We use 2 flags self.done_parsing_start and self.done_parsing_headers to keep track of whether we’ve already parsed the start line or the headers, respectively. If we encounter a Content-Length header while parsing the headers we’ll set the self.expected_body_length so that we know how much body we have left to read before the message is over. The most important part is the parse() method which tries to continuously parse out the next thing (start line, header line, a chunk of the body) from the raw data coming in through feed_data().
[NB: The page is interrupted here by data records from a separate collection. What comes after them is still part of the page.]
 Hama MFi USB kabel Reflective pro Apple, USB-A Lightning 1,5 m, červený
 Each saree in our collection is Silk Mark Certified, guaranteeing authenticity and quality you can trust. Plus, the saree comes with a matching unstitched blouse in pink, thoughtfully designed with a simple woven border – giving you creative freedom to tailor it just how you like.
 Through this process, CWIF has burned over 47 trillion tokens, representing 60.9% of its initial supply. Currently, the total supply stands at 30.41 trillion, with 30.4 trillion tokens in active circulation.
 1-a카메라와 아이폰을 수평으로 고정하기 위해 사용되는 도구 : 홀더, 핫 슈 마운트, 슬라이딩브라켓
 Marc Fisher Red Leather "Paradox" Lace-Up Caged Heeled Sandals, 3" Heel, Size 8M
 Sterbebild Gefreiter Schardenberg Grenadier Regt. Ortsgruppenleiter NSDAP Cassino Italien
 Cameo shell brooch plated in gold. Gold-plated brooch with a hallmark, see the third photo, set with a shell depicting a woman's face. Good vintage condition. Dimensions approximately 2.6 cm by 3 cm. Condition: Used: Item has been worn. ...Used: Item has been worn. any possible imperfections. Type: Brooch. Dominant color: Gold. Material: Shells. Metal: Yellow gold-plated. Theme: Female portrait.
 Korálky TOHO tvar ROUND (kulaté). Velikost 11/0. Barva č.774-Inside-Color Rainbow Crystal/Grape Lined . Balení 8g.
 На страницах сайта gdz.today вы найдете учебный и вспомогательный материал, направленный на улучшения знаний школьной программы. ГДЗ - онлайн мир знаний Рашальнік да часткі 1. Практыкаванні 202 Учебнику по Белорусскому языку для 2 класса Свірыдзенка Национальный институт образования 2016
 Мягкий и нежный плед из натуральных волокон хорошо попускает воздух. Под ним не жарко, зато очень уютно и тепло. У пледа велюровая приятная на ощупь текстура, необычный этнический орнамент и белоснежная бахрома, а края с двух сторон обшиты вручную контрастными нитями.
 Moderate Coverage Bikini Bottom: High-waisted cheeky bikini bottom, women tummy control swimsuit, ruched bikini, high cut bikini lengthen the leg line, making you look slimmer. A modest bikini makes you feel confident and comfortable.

The parser takes a protocol input on instantiation which expects the exact same callbacks to be implemented as httptools.HttpRequestParser does. So, in order to start using our own parser instead of httptools we only need to replace the import in server.py.

#./server.py
@@ -1,7 +1,7 @@
  from typing import Tuple
  import socket
  import threading
- from httptools import HttpRequestParser
+ from http_parse import HttpRequestParser
  from http_request import HttpRequestParserProtocol
  from http_response import make_response

Notes

Of course, there is basically no error handling, no checking for a correct format, etc. We’re just assuming that the client will send a well-formed HTTP request, otherwise everything will break. But I think that’s fine, we just want to see how all the basic pieces fit together and not get bogged down in trying to handle all corner cases.

Also, to emphasize this point again, the message structure we’ve looked at here is HTTP/1.1. HTTP/2 has a somewhat different way of formatting the messages. If you want to read more about that, check here.

Now we can be very proud of ourselves to have reinvented the wheel here. It has resulted in a far slower and buggier version of what httptools already provides. Great job. The next step in this series will be to finally, actually implement our very own WSGI server.